┌────────
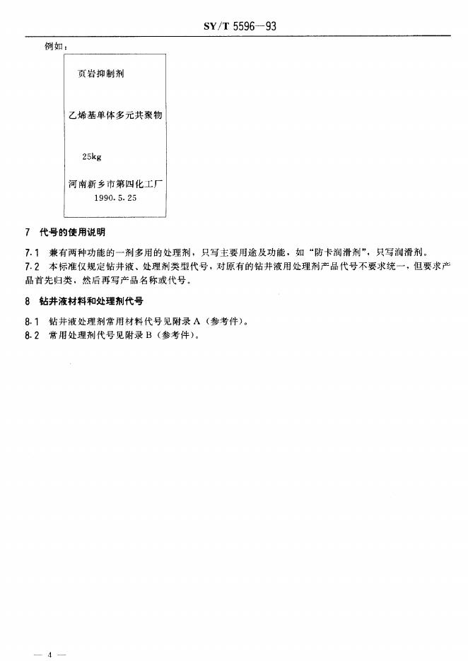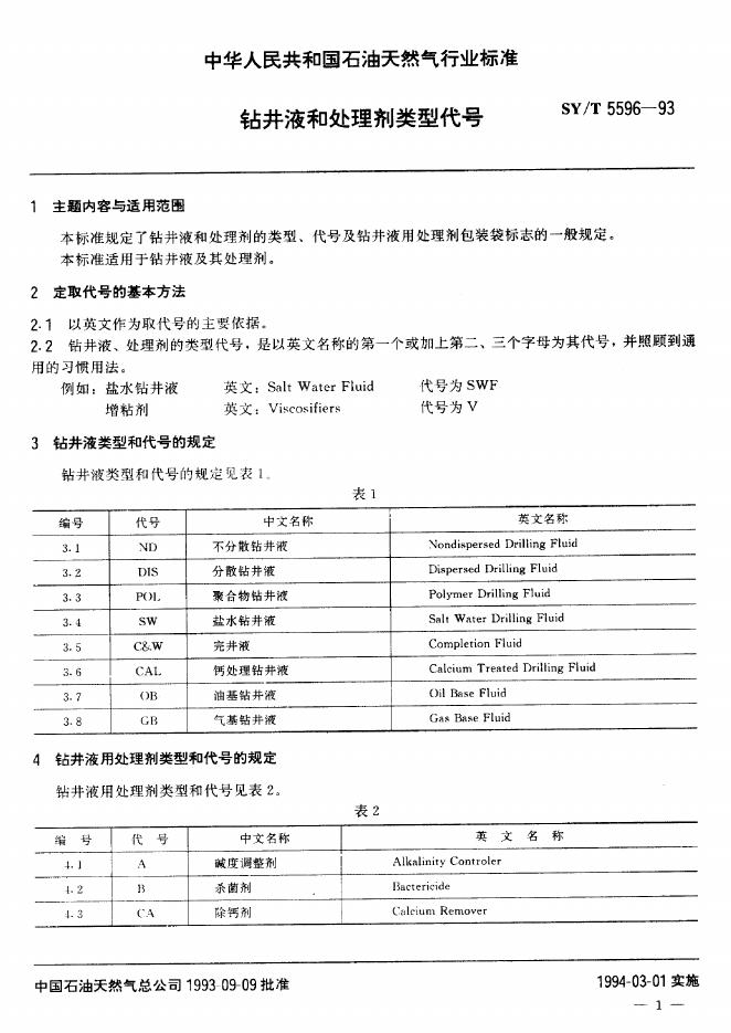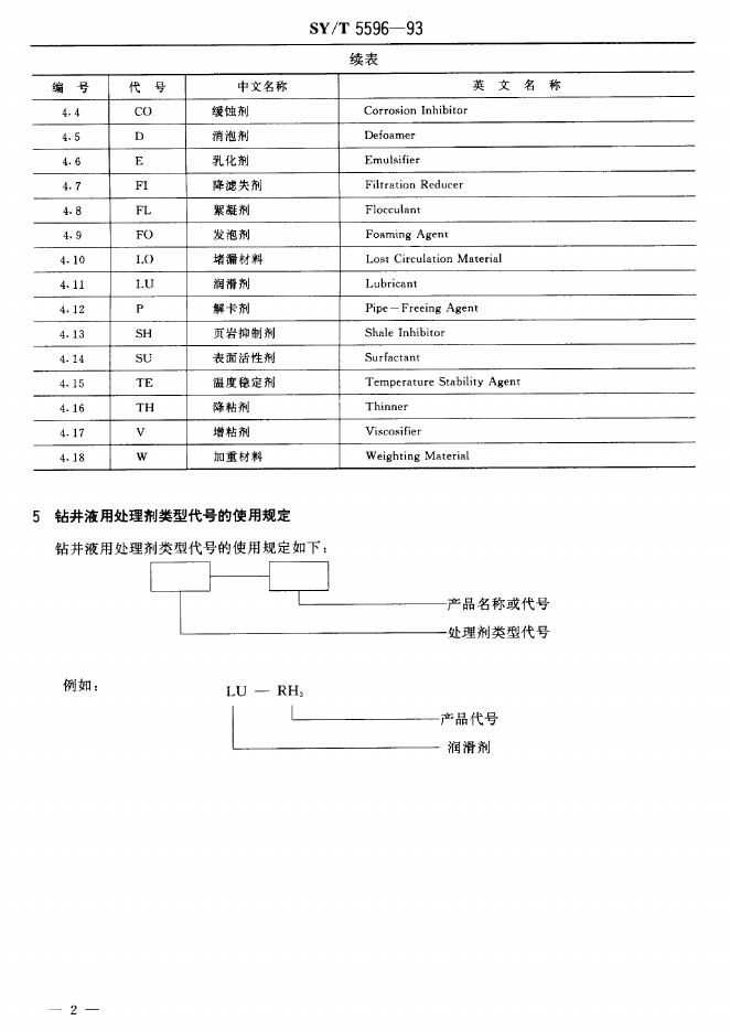 SY/T 5596-1993 钻井液和处理剂类型代号
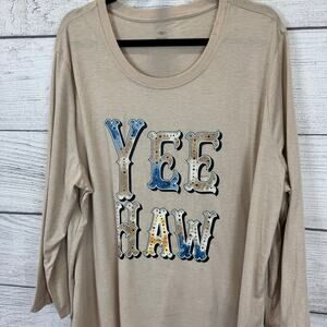 Cato Plus Size Tan "Yee-Haw" Studded Western Graphic Tee Size 26/28W
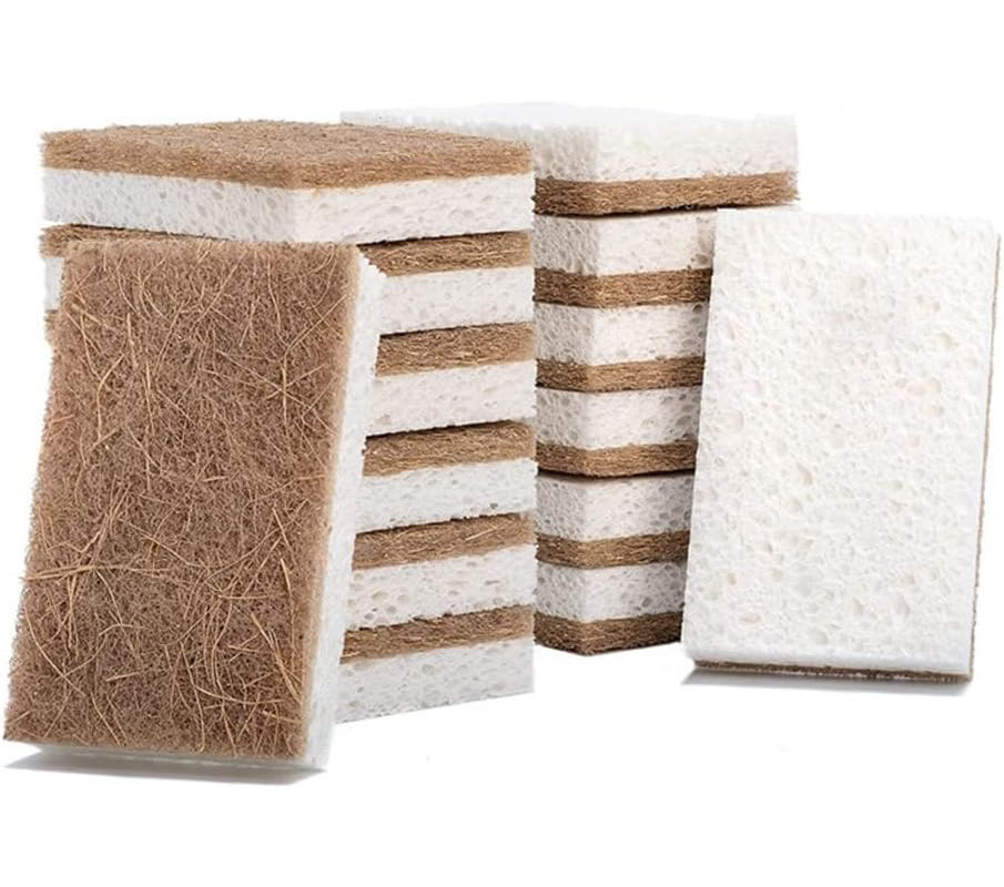 Biodegradable Natural Kitchen Sponge Compostable Cellulose and Coconut Walnut Scrubber Sponge Eco Friendly Sponge
└────────
**Task brief:** Where a picture appears, omit it, and otherwise retype the material exactly.

**Solution to the problem:**
 SY/T 5596-1993 钻井液和处理剂类型代号
 Cato Plus Size Tan "Yee-Haw" Studded Western Graphic Tee Size 26/28W
 Biodegradable Natural Kitchen Sponge Compostable Cellulose and Coconut Walnut Scrubber Sponge Eco Friendly Sponge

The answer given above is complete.